DNAAlignEditor is written in Visual Basic for the user interface, MS Access database for the stand-alone version or PostrgeSQL 8.0 database for the network version, and embedded ActiveX data object drivers for connectivity between the database and the user interface. DNAAlignEditor network version is designed to share alignment information when several users are simultaneously logged into the system and to manage alignments collected in the database. Regardless of whether the stand-alone or network version is used, the database aids in the tracking and manipulation of large numbers of sequences, and the relationship among genes, primers, amplicons, and population groups. The database is also required to track multiple versions of the same alignments and to combine alignments. Editing of a handful of gene alignments may be accomplished without the aid of a database; however, processing, editing, and finishing hundreds of alignments requires a more sophisticated system managed by a database.

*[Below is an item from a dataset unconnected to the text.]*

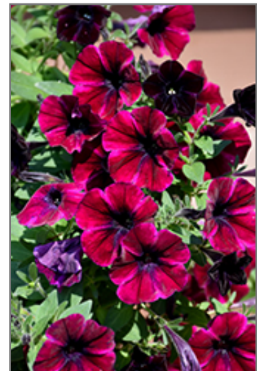
Sweetunia Johnny Flame Petunia flowers

DNAAlignEditor stores a set of interrelated tables in a relational database (DNADB) supporting alignment information to provide easy editing, querying, importing, and exporting function from genes, primers, populations, nucleotide sequence alignments, and quality scores as shown in the entity relationship diagram [see additional file 1]. The system is a user-friendly editing tool using grids, text boxes, combo boxes, and scroll lists to facilitate data access. DNAAlignEditor tool color codes nucleotide identity for ease in visual identification of sequence polymorphisms and displays the quality score associated with each base to aid in manual editing. The quality score-centric view is one of the major and unique features that distinguish DNAAlignEditor from other alignment programs (Figure 1).

Figure 1
figure 1

DNAAlignEditor view of an example alignment. The color coded cells represent the base calls and the numbers within the cells reflect the quality scores. Insertion/deletions are present in columns 576–578 and 591, and SNPs in columns 579, 580, 594, 597, 599 and 603. Below the alignment are the buttons used to manipulate sequence. To the left of the alignment are the names of the individuals displayed. Above the alignment are identification summary statistics on the alignment and additional buttons to manipulate sequence file and re-CLUSTAL functions.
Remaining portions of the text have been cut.